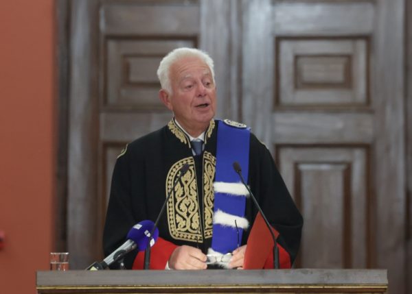 Ακολούθησε η ανάγνωση των κειμένων του ψηφίσματος της Σχολής, της Αναγόρευσης και του Διδακτορικού Διπλώματος από τον Κοσμήτορα της Νομικής Σχολής κ. Κωνσταντίνο Χριστοδούλου, καθώς και η περιένδυση με την τήβεννο της Σχολής και η επίδοση του τιμητικού μεταλλίου από τον Πρύτανη του Πανεπιστημίου Αθηνών κ. Γεράσιμο Σιάσο.
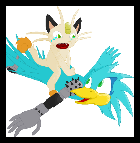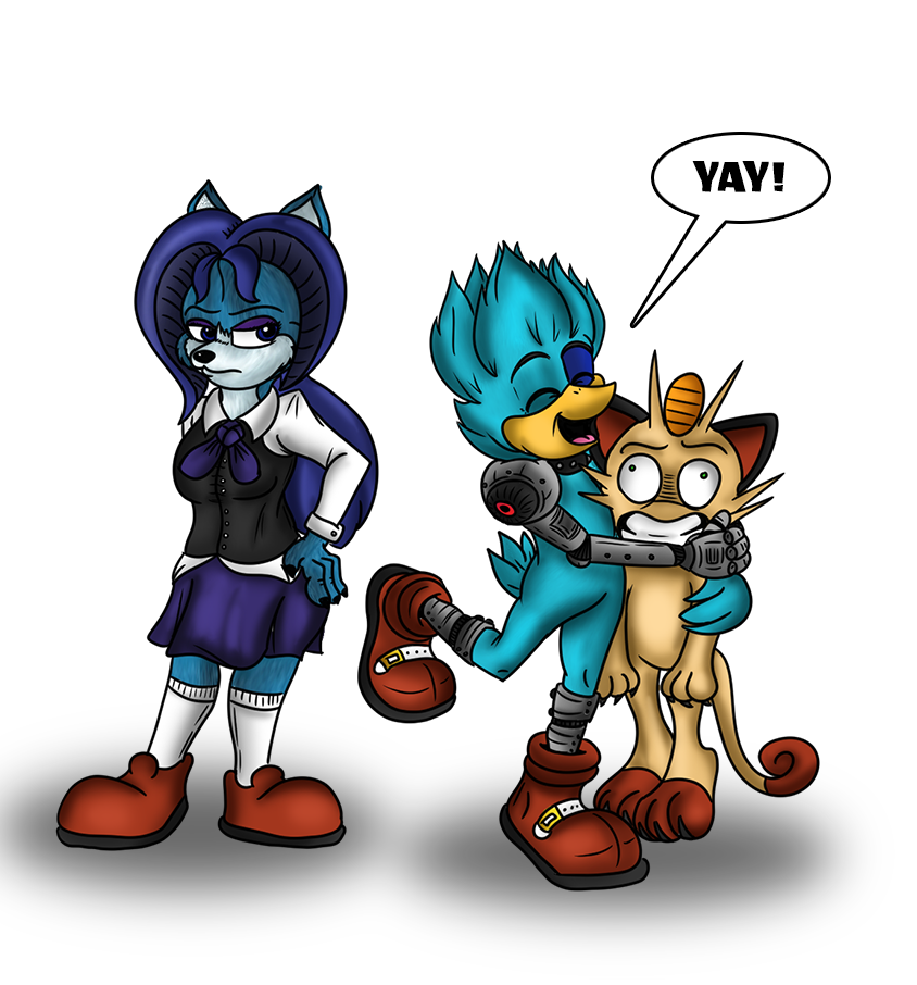 So these pictures feature Josh with his best friend Kyrochi "Ky" Razie. Ky is a blue hawk who got half-roboticized thanks to Dr. Robotnik. He also has an infinite alternate universe inside of his hammerspace of an arm, and has infinite strength. And he's also mentally broken and cannot age. But never mind about that. He and Josh were the ones who helped build their city of Buttopia up from literally a blank void. Oh, and Artemis (the hedgehog girl) is also featured in the first picture.
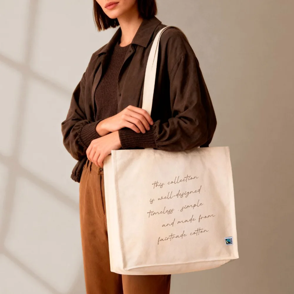 Le tote bag reste la star. Léger, réutilisable, personnalisable en sérigraphie ou en transfert numérique, il incarne la consommation responsable. Il existe désormais en coton bio, toile de jute, rPET (bouteilles recyclées), voire en chanvre.
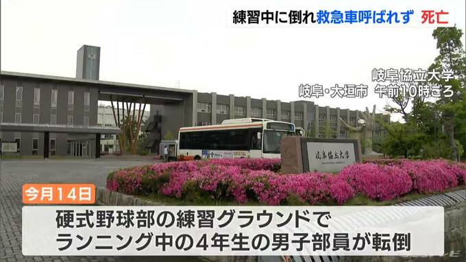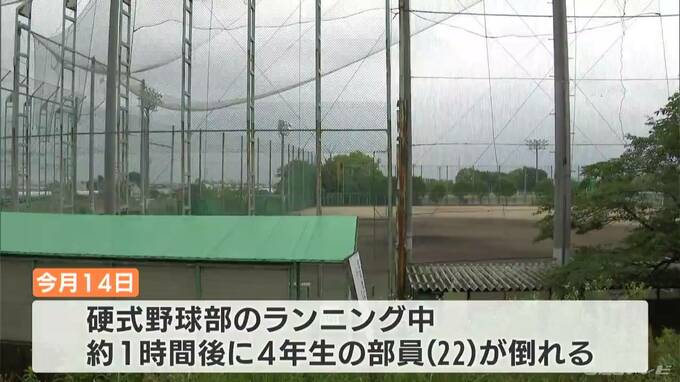 部員が亡くなったのは、大垣市の岐阜協立大学で、大学によりますと5月14日、硬式野球部員およそ30人が、コーチの指示でランニングをしていたところ、およそ1時間後に、4年生の男子部員が倒れました。
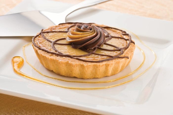Rich baked caramel filling in a fluted tart shell, finished with delicate chocolate piping and a chocolate caramel duo rosette.
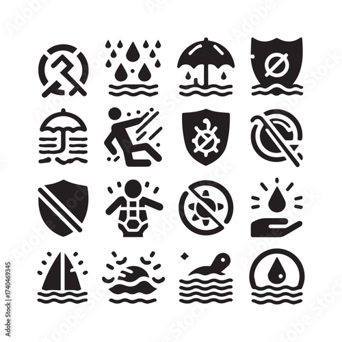 Set of black and white icons illustrating water resistance, protection, and environmental themes Keywords: water, protection, shield, umbrella, rain, drops, waves, sea, ocean, boat, sailboat
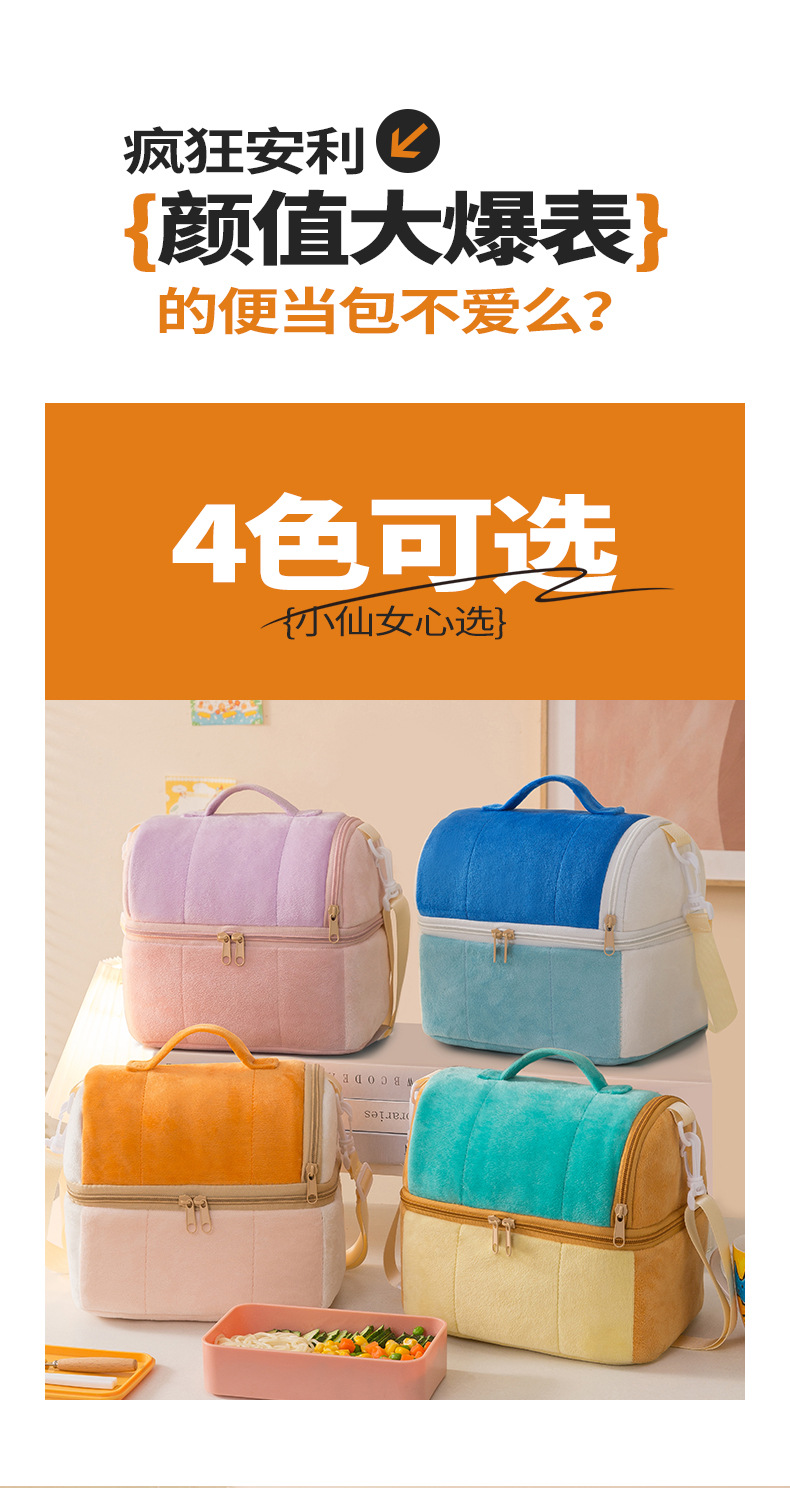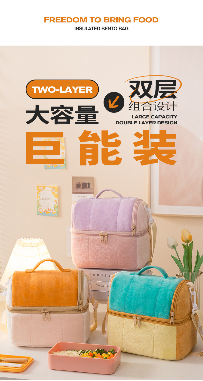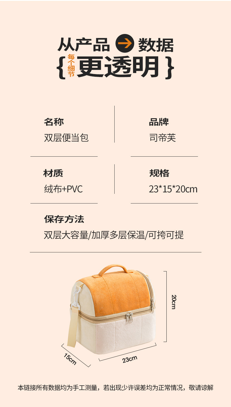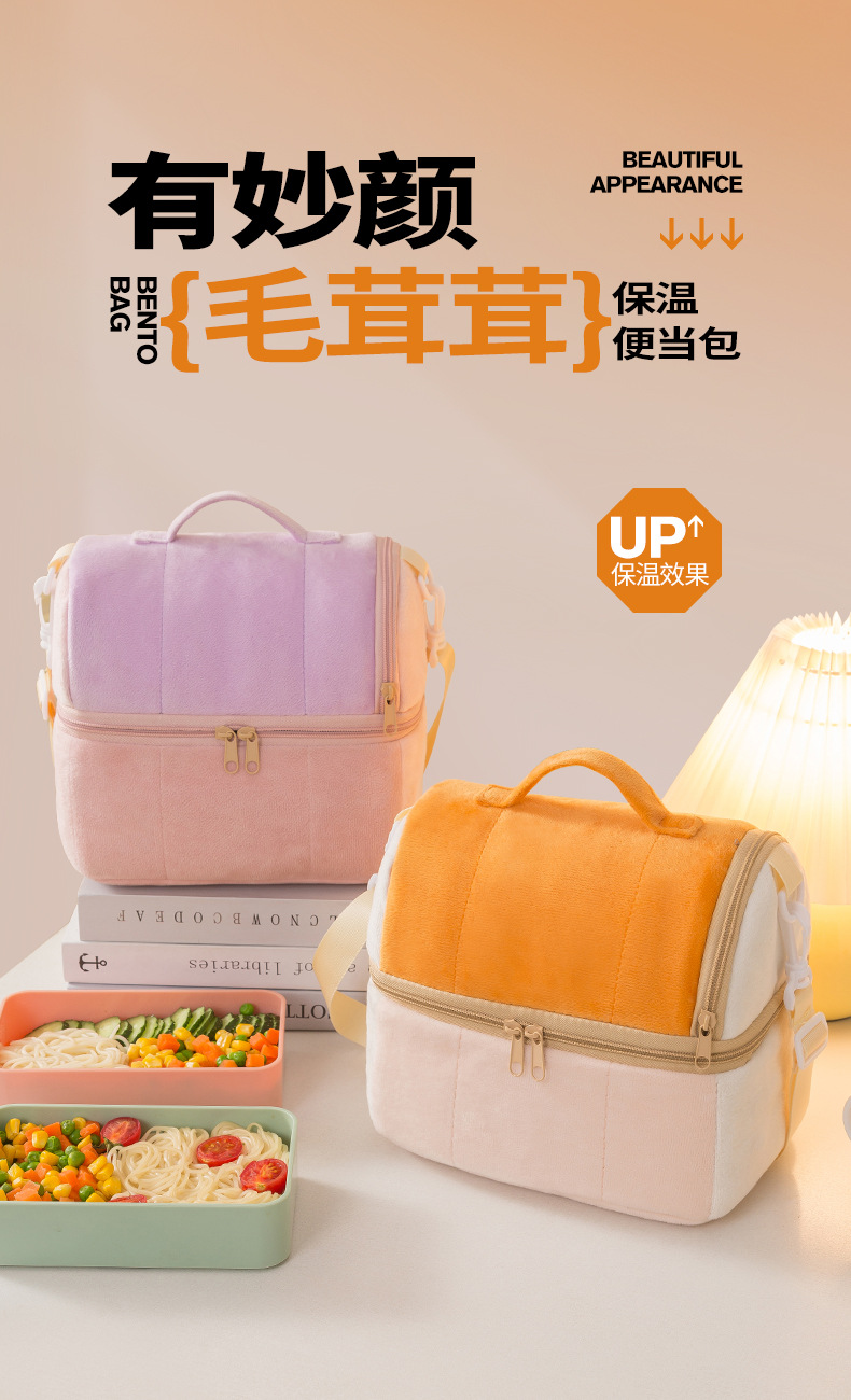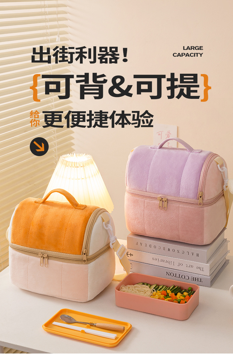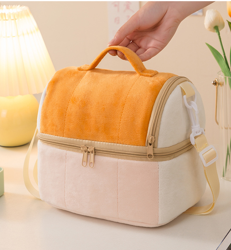 绒布吐司便当包保温包手提饭盒袋学生午餐包加厚保温袋大容量冰包
━━━━━━━━━━━━━━━━
• **THE PROBLEM**
Each line of the material above should be set down exactly, with no pictures.

• **ANSWER SPACE**
 Ακολούθησε η ανάγνωση των κειμένων του ψηφίσματος της Σχολής, της Αναγόρευσης και του Διδακτορικού Διπλώματος από τον Κοσμήτορα της Νομικής Σχολής κ. Κωνσταντίνο Χριστοδούλου, καθώς και η περιένδυση με την τήβεννο της Σχολής και η επίδοση του τιμητικού μεταλλίου από τον Πρύτανη του Πανεπιστημίου Αθηνών κ. Γεράσιμο Σιάσο.
 So these pictures feature Josh with his best friend Kyrochi "Ky" Razie. Ky is a blue hawk who got half-roboticized thanks to Dr. Robotnik. He also has an infinite alternate universe inside of his hammerspace of an arm, and has infinite strength. And he's also mentally broken and cannot age. But never mind about that. He and Josh were the ones who helped build their city of Buttopia up from literally a blank void. Oh, and Artemis (the hedgehog girl) is also featured in the first picture.
 Le tote bag reste la star. Léger, réutilisable, personnalisable en sérigraphie ou en transfert numérique, il incarne la consommation responsable. Il existe désormais en coton bio, toile de jute, rPET (bouteilles recyclées), voire en chanvre.
 部員が亡くなったのは、大垣市の岐阜協立大学で、大学によりますと5月14日、硬式野球部員およそ30人が、コーチの指示でランニングをしていたところ、およそ1時間後に、4年生の男子部員が倒れました。
Rich baked caramel filling in a fluted tart shell, finished with delicate chocolate piping and a chocolate caramel duo rosette.
 Set of black and white icons illustrating water resistance, protection, and environmental themes Keywords: water, protection, shield, umbrella, rain, drops, waves, sea, ocean, boat, sailboat
 绒布吐司便当包保温包手提饭盒袋学生午餐包加厚保温袋大容量冰包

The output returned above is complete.